I'm kind of experiencing this right now myself. My wife and I have been friends with another couple for many years. We all met when we were in college, but over the last two years or so, things have been slowly dying off. It's not that anyone has done anything wrong, here. It's just a combination of those no-fault factors.

When we first met, all of us were in the same boat in terms of life situations and job situations... scraping by, not making much money, and being young.

Fast-forward about ten years. My wife and I both finished college, and we both did graduate work. We now have jobs that pay us well in careers we enjoy. We're not rich, but we can live comfortably while saving lots of money, exploring new restaurants and places to see in our city, going on vacations several times a year, and having the money for anything we need. We're fairly healthy, too, thanks to having the time and the money to exercise, eat well, and see our doctors regularly.

My friend dropped out of college after a couple of years, and his wife left after one. They got caught up in service jobs and have never been able to get out of the cycle... to get better jobs, they need to go back to school, and to go back to school, they need to cut back on their service jobs, or miraculously find better-paying ones that probably don't exist. It's a challenging situation for them and every month is a struggle to get by. Their health is pretty awful, and thanks to poor insurance (or no insurance), they both have some serious challenges that have not been treated properly.

Because of these changes, we don't have a lot in common, and when we do talk about our lives, it gets awkward fast. The big questions in my life and my wife's life at the moment are "where should we go on vacation this year, can we bump up the percentage we're saving, where should we buy our new house, what new car should we get, which half-marathons should we run this summer." The big questions for the other couple, based on what I hear from them, are "can we make rent this month, am I going to be able to get a full-time job, what can I do to get my back to stop killing me, how am I going to find the money to fix the car so I can stop taking the bus." It's awkward to talk to them about a cool new restaurant I found that is something they probably can't afford. It feels awful talking to them about the new TV I just bought after our old one died, and that I paid cash for as I was fortunate enough to have plenty of money saved.

And what's more, there's not really anything my wife or I can do to help our friends. They've made it clear that they don't want our money, or anyone else's money. We've tried to help in other ways... I've tried connecting them with new job opportunities to no avail, I've tried to keep an eye out for transportation they could afford, we've given them advice or have been there for them to talk to, and when we go out for dinner (or more likely, pick up food and take it over to their place so we can leave them with the leftovers), we pay for it about 90% of the time.
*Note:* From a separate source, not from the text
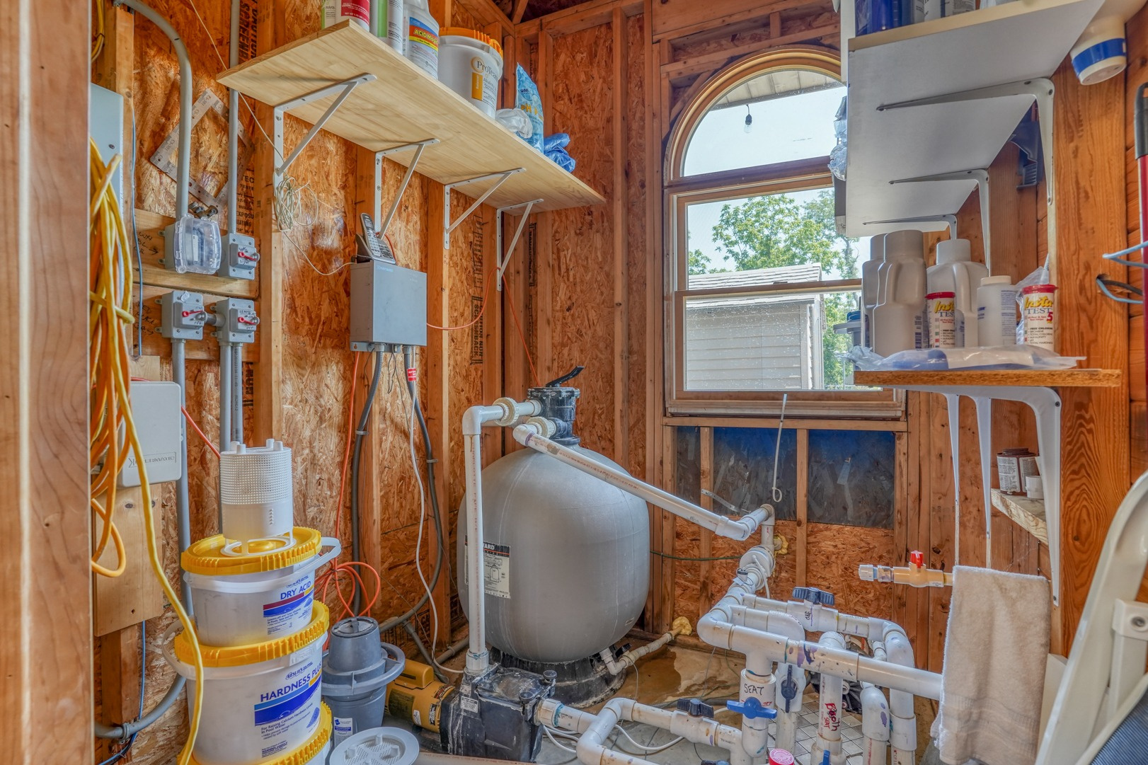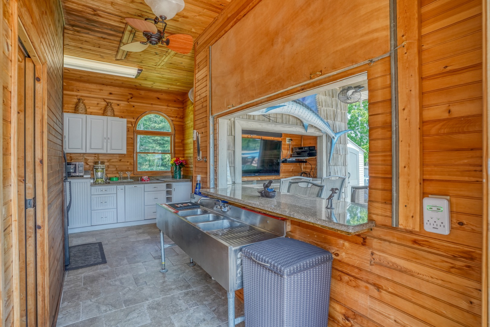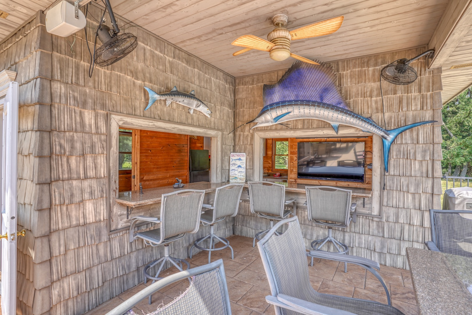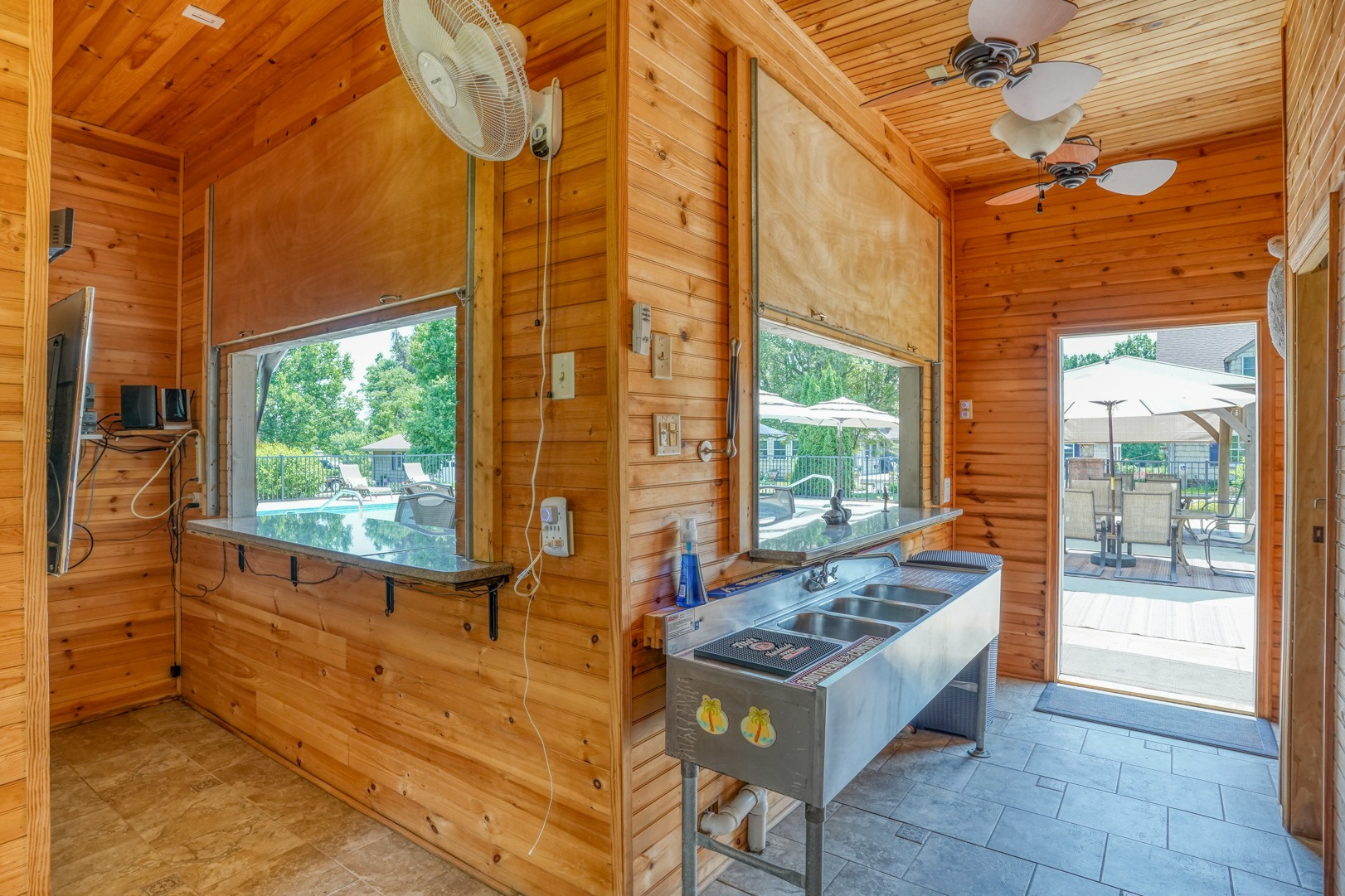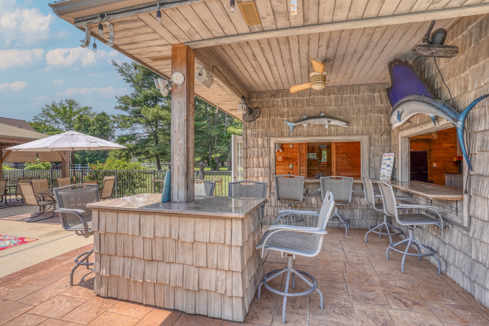 Prepare to be amazed by the pool house, an entertainer's dream. Outdoor bar seating awaits beneath a covered roof equipped with retractable awnings for customizable shade options. Inside, discover a wealth of conveniences including a bar sink, a TV that can be viewed from outside, stylish tile flooring, a full bathroom with a tiled shower, cabinets, a microwave, a refrigerator, a ceiling fan, and a dedicated pool pump room. With a backyard retreat like this, you won't need to venture far for your summer vacation.

Despite our efforts, there is just not that much we can talk about or share with each other without it being challenging, though. I know I feel it, I can tell they feel it, and so things have kind of died a slow death over the last year or two.

It sucks, because they are good people and good friends. It's dying, even though I haven't done anything wrong to cause it to die. And that sounds like it's just like your situation.

It's not easy to deal with this. I just want you to know that it's not your fault, and we understand!
posted by Old Man McKay at 9:49 AM on January 11, 2014 [16 favorites]


I've gone through things in life when I had to either temporariliy or permanently let go of people, even someone who was a friend for a while.

There was a time that I lost a friend to suicide and after dealing with that, I let some friendships subside and even let go of a few. It was not because they did something. It was because I saw death everywhere and had an emptiness and I needed to deal with it.

I have also seen friends let go of me temporarily and for some of them, it is/was depression. The way that I look at it, they are dealing with something, and may or may not come back to you. Instead of focusing on the "why not now", "why did they let me down" remember the fun from the past and the friendship that you had.

There are also reasons that I have let go of people.Maybe I didn't view it as healthy/feel safe/and at the end of the day, it wasn't fun. Even though I may have let go of someone, though, it was also painful to me. But I am bringing this last example up because at the end of the day, I had to deal with the same issues that you bring up in your question, and you don't have the other person to help you (all you have is silence).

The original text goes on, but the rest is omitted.